Odds ratios (ORs; unadjusted for covariates in the model) were used to explore potential factors associated with a positive antibody test. For these analyses, positive cases were compared with borderline and negative cases combined. Given the exploratory nature of this work, adjustments were not made for multiple comparisons, so results should be interpreted within this context. Reference groups for demographic factors were female for sex, white/Caucasian for race/ethnicity/international status, and undergraduate for degree program category. For all other variables, the reference was not having the given characteristic.

Results

There were 790 students who participated in this study. The sample was 48.2% female, 30% international, and 52.2% undergraduate (Table 1 ). At the time of data collection, most students lived in off-campus housing, alone or with roommates/friends (61.3%); in their family home (26.5%); and in university-owned housing (9.1%). Initially, 23 individuals tested as borderline.

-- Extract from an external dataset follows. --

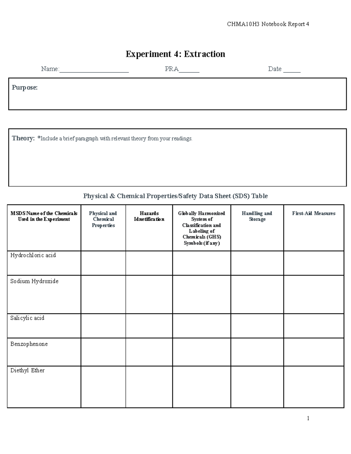 Experiment 4 Notebook Report Template-1 - CHMA10H3 - U of T - Studocu

All but four of these people returned for follow-up testing, and five people had a borderline test the second time, with one person having a positive test.

Table 1.

Demographic characteristics of participants from a Los Angeles University

Sample (n = 790), n (%)
Female 381 (48.2)
Male 409 (51.8)
Asian/Pacific Islander 95 (12.0)
Black/African American 21 (2.7)
Hispanic/Latinx 47 (6.0)
International 237 (30.0)
Multiracial/multiethnic 126 (15.9)
White/Caucasian 219 (27.7)
Other/unknown 45 (5.7)
Undergraduate 412 (52.2)
Graduate 378 (47.8)
On-campus residence 72 (9.1)
Off-campus residence 718 (90.9)

Estimates for the prevalence and its 95% credible intervals are reported in Table 2 . The estimated prevalence of COVID-19 antibody positivity at the time of our study was 4.0% (3.0%, 5.1%). Posterior estimates for the sensitivity and specificity can be found in the Appendix. Furthermore, when stratified by academic status, the estimated prevalence was 4.0% (3.0%, 5.2%) and 4.0% (2.9%, 5.2%) for undergraduate and graduate students, respectively, suggesting that the two student groups may not have differing lifestyles that will make them more (or less) susceptible to infection.

Table 2.

Posterior estimates of COVID-19 antibody prevalence and their 95% credible intervals stratified by academic status

Estimate 95% CI
Undergraduates .040 (.030, .052)
Graduate .040 (.029, .052)
All .040 (.030, .051)

Our analysis treated borderline subjects (N = 10) as test negative. To investigate the influence of potentially misclassifying borderline subjects, we provide a supplementary analysis where we treat borderline subjects as test positive. This increased the prevalence slightly to 4.3% (3.2%, 5.7%). These results can be found in the Appendix. To assess the influence of prior specifications to the prevalence of COVID-19 antibody positivity, we ran the model, classifying borderline results as test negative, by placing a noninformative prior to the prevalence. With a noninformative prior, the estimated prevalence of antibody positivity was 3.6% (.7%, 6.0%).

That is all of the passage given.